Here is a list of the enemies and their senses:
He has a single all-seeing eye. When dealing with vision, it's easy to fall into the rut of simple disguises. But there are ways to innovate with this enemy. One idea involved sneaking in front of a projector, carrying objects that gave you the shape of something that blends in with whatever is being projected (our idea was that the antagonist might be watching a nature film, and so the player would disguise himself as an animal). So while the unblinking Eye Man is watching the screen, he sees a silhouette that seems to belong to the film he's watching and doesn't bother to turn around. Dealing with silhouettes also pushes the player to think creatively, using objects like canes, fans, and salt shakers to make, say, an elephant silhouette.

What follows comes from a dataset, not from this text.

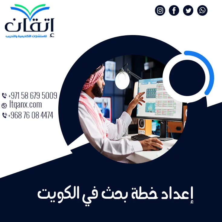 إذا كنت تبحث عن مكتب إعداد خطة بحث في الكويت، فإن إتقان للاستشارات الأكاديمية والتدريب تعتبر الخيار الأمثل لك، نحن متخصصون في تقديم خدمات إعداد خطة بحث تتوافق مع شروط الأكاديميات الكويتية والمتطلبات الأكاديمية العالمية، لدينا فريق من المستشارين الأكاديميين الذين يملكون خبرة واسعة في كتابة وتنسيق الخطة البحثية بشكل احترافي؛ حيث تغطي كافة جوانب البحث من تحديد الموضوعات إلى تحليل البيانات. نحن في اتقان نوفر لك شروط خطة البحث PDF التي يمكنك الاستفادة منها في تنفيذ البحث بأفضل صورة، من خلال استخدام تقنيات كتابة حديثة واحترافية، نساعدك في ضمان أن تكون خطة البحث الخاصة بك دقيقة، منظمة، وسهلة التنفيذ؛ إذا كنت بحاجة إلى مساعدة في اختيار الموضوع أو تحديد منهج البحث، نحن هنا لتقديم الدعم الكامل في إعداد خطة بحث في الكويت.
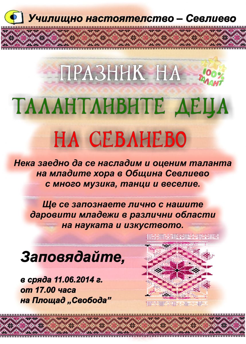 Училищно настоятелство – Севлиево кани севлиевци заедно да споделим гордостта от прекрасните и талантливи деца на Севлиево. Очаква ви един незабравим празник с разходка из дебрите на българския фолклор.

Some other ideas include optical illusions, colorblindness, or taking advantage of his lack of depth perception. You may also need to visually mimic the behavior of something you're impersonating.
This guy can only hear. Some possibilities for him include using kazoos or buzzers to imitate creatures. Or, perhaps use recordings to make him think something is happening in his house. Maybe you can also record another creature talking, then play back the phrases generated to have a fake conversation with Ear Man. You'd have to pick which recording to play at every conversational juncture, and if the exchange doesn't make sense, he won't buy it (somewhat like the insult duels in Monkey Island).
Maybe you can wear someone's cologne to impersonate them. Or maybe roll around in pepper so that he sneezes when he smells you. Maybe he has bad allergies, and you can use this to your advantage.
This was our trickiest challenge, and we're still hesitant to approach the idea of Tongue Man. You may need to impersonate a bowl of soup, so watch him carefully in the kitchen and see which spices he uses. Maybe he'll try to eat you, but if you cover yourself in thai curry or sriracha, he'll spit you out. Or maybe there's an ingredient missing from his kitchen that'll give you a clue to his least favorite tastes.
Hand man is most similar to the cyclops in the Odyssey, since he tries to feel his way around everywhere. It will be important to blend in to your environment using touch. It may be as simple as hiding under something (a sheep) but you may need to cobble together a "sheep-feeling" outfit from a glove and some q-tips. If you need to protect yourself from him, you'd need something spiky or hot. A sticky thing could trap him.
At the end of this meeting, we began developing a paper prototype of the forming-silhouettes/Eye Man scenario, although it's at an early stage and could still use a good deal of polish. In future sessions, we may try adding one or more other enemies to the scenario, with the hope that the interaction between the sets of rules for each of the senses/enemies will create a more compelling game than any single rule set would do.